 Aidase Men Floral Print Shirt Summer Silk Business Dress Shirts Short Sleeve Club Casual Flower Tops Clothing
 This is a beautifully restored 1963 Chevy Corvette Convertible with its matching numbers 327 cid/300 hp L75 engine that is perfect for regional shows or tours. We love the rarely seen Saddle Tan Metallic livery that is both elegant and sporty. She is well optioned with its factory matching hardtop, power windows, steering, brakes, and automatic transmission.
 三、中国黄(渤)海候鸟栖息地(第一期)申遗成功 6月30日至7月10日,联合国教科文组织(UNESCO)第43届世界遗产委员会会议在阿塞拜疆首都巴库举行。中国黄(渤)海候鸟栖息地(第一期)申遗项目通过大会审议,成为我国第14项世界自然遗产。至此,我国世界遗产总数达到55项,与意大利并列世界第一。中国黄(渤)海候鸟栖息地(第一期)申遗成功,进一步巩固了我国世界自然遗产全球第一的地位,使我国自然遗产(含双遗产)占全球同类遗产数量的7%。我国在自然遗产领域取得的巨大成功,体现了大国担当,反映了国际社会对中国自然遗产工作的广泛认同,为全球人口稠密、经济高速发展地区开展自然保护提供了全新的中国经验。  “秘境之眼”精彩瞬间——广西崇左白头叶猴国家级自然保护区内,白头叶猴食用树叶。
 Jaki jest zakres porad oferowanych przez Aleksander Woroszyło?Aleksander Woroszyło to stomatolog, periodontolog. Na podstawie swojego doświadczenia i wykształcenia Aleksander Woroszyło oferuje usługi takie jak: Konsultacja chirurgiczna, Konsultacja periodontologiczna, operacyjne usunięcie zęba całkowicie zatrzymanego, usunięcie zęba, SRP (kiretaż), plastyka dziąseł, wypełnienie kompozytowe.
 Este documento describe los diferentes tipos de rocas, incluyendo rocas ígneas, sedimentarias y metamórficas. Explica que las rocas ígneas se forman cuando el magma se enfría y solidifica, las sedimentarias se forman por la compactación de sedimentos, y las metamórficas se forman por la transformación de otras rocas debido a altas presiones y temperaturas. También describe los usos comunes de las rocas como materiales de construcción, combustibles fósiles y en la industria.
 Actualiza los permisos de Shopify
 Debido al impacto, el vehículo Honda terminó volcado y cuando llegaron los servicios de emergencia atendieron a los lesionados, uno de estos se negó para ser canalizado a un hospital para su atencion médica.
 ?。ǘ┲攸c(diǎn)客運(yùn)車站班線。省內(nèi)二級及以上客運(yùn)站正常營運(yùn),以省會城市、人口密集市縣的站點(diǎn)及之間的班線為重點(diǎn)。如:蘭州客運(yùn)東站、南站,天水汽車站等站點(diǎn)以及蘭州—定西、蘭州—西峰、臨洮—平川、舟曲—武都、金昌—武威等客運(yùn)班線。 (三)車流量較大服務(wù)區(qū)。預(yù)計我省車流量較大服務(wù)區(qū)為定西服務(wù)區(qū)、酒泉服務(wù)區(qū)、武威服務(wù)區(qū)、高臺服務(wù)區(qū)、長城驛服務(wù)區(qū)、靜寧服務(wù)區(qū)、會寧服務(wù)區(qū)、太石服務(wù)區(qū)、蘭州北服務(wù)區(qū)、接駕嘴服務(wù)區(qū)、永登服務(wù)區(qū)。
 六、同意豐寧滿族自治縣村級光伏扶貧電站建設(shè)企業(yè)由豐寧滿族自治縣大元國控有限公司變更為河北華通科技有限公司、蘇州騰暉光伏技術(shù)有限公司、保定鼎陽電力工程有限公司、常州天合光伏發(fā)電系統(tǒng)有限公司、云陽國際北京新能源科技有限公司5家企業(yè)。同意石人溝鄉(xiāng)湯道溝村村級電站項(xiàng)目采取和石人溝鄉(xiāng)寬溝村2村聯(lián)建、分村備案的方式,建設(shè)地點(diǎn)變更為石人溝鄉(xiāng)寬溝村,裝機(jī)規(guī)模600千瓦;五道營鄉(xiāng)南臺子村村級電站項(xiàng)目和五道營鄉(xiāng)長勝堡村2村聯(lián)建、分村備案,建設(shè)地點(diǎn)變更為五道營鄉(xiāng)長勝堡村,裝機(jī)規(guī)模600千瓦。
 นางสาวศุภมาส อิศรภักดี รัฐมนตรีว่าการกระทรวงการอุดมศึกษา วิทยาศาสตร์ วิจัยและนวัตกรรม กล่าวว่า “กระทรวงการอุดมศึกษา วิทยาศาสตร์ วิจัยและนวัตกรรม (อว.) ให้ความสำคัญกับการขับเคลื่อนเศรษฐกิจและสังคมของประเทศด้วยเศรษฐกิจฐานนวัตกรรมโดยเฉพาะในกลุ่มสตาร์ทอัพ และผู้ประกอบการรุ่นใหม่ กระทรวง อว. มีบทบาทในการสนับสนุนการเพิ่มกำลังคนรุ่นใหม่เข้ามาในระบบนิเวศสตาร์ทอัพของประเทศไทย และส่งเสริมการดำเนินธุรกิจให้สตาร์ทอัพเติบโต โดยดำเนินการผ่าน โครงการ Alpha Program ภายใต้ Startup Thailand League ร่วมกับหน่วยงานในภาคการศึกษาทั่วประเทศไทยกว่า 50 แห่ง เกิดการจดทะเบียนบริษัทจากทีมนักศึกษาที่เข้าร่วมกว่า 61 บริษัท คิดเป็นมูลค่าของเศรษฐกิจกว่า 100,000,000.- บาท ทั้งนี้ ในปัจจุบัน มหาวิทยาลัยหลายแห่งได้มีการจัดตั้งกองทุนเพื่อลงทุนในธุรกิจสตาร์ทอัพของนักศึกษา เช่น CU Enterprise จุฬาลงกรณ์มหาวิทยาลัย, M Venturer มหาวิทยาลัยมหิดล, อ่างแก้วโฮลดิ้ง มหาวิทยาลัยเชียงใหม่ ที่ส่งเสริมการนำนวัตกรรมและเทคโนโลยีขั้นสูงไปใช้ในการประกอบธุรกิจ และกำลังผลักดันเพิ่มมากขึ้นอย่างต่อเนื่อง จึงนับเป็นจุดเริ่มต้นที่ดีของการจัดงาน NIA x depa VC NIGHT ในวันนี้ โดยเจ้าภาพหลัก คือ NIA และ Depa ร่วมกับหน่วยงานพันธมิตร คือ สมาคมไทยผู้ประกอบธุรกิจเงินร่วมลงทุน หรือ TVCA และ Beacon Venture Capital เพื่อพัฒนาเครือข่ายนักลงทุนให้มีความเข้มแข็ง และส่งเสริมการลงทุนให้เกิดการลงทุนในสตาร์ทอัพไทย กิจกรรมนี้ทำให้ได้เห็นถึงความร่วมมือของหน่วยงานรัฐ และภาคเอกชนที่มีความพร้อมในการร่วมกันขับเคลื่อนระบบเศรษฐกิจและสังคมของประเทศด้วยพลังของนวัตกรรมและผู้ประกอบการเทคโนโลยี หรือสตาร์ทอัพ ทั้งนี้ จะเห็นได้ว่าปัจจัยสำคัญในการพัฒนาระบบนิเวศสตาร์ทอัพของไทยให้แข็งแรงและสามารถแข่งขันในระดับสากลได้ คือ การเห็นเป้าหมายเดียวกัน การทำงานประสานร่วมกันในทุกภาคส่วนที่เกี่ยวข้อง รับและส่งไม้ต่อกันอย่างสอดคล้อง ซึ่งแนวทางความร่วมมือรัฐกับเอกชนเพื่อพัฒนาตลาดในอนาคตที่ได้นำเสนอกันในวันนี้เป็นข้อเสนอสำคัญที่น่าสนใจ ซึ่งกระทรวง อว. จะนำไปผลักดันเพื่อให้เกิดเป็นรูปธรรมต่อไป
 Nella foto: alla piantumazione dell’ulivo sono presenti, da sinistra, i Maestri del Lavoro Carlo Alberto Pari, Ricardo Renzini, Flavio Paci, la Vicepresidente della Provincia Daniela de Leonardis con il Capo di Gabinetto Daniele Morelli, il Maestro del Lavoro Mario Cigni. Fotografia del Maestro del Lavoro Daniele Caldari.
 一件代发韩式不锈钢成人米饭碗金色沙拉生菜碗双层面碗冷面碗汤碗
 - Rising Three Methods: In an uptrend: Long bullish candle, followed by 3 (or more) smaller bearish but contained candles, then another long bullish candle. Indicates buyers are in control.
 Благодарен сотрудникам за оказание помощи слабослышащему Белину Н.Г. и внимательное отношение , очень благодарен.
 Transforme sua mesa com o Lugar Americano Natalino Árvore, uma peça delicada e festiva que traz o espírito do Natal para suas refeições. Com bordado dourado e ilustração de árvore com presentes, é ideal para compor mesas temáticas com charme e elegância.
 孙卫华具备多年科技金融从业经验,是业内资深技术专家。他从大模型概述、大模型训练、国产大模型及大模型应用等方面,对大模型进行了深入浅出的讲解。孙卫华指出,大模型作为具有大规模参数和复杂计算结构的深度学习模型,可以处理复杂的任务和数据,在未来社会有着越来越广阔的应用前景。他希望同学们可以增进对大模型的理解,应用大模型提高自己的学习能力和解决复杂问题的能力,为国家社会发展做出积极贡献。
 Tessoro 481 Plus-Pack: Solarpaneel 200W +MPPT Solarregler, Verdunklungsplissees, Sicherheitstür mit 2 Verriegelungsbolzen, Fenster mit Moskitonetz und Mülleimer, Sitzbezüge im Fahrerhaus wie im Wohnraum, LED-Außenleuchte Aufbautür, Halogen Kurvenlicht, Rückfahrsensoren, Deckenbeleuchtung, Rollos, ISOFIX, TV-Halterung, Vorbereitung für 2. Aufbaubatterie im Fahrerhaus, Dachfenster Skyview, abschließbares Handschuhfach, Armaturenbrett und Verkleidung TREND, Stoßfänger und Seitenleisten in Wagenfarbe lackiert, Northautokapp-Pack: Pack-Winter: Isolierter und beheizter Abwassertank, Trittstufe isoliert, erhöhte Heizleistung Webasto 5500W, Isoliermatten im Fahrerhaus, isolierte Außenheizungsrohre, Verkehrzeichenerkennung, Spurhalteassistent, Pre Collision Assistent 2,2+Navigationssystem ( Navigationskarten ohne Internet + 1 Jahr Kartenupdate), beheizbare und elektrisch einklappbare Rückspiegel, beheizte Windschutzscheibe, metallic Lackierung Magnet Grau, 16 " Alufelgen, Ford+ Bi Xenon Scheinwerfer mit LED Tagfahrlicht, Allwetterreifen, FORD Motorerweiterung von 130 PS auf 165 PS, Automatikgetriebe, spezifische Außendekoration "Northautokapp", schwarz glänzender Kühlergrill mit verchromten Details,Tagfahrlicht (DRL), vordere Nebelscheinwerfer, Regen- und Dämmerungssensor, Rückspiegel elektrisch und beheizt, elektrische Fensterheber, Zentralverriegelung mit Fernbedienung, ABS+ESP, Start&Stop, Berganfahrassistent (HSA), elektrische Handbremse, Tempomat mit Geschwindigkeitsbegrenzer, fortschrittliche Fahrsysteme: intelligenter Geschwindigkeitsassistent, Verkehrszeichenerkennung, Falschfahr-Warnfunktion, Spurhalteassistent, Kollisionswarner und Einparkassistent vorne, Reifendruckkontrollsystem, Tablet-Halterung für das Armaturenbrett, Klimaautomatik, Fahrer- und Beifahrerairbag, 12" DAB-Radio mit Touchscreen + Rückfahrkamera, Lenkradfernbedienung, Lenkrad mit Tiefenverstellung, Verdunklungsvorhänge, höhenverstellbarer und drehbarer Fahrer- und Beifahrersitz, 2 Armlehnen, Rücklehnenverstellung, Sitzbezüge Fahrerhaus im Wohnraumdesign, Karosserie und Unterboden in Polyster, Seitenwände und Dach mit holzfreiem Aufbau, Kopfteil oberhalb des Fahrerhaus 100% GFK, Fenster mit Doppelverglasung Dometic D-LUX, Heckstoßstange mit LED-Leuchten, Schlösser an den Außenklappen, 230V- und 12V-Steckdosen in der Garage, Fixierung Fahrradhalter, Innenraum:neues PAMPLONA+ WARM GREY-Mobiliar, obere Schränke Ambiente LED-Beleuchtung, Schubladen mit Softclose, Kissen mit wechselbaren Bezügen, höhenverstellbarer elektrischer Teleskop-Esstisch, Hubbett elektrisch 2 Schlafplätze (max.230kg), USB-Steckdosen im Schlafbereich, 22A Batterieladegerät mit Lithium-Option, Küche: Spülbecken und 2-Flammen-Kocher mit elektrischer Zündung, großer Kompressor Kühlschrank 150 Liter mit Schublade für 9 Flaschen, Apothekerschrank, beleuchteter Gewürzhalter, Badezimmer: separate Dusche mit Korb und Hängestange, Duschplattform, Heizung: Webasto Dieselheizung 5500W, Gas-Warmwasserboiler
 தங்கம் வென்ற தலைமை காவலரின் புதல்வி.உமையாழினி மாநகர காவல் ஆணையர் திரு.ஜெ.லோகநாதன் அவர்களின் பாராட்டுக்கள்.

::::::::::

**TASK DIRECTIONS**
Only the lines above from the line with "一件代发韩式不锈钢成人米饭碗金色沙拉生菜碗双层面碗冷面碗汤碗" to the line with "Благодарен сотрудникам за", those two lines included, should be reproduced exactly.

**TASK OUTPUT**
 一件代发韩式不锈钢成人米饭碗金色沙拉生菜碗双层面碗冷面碗汤碗
 - Rising Three Methods: In an uptrend: Long bullish candle, followed by 3 (or more) smaller bearish but contained candles, then another long bullish candle. Indicates buyers are in control.
 Благодарен сотрудникам за оказание помощи слабослышащему Белину Н.Г. и внимательное отношение , очень благодарен.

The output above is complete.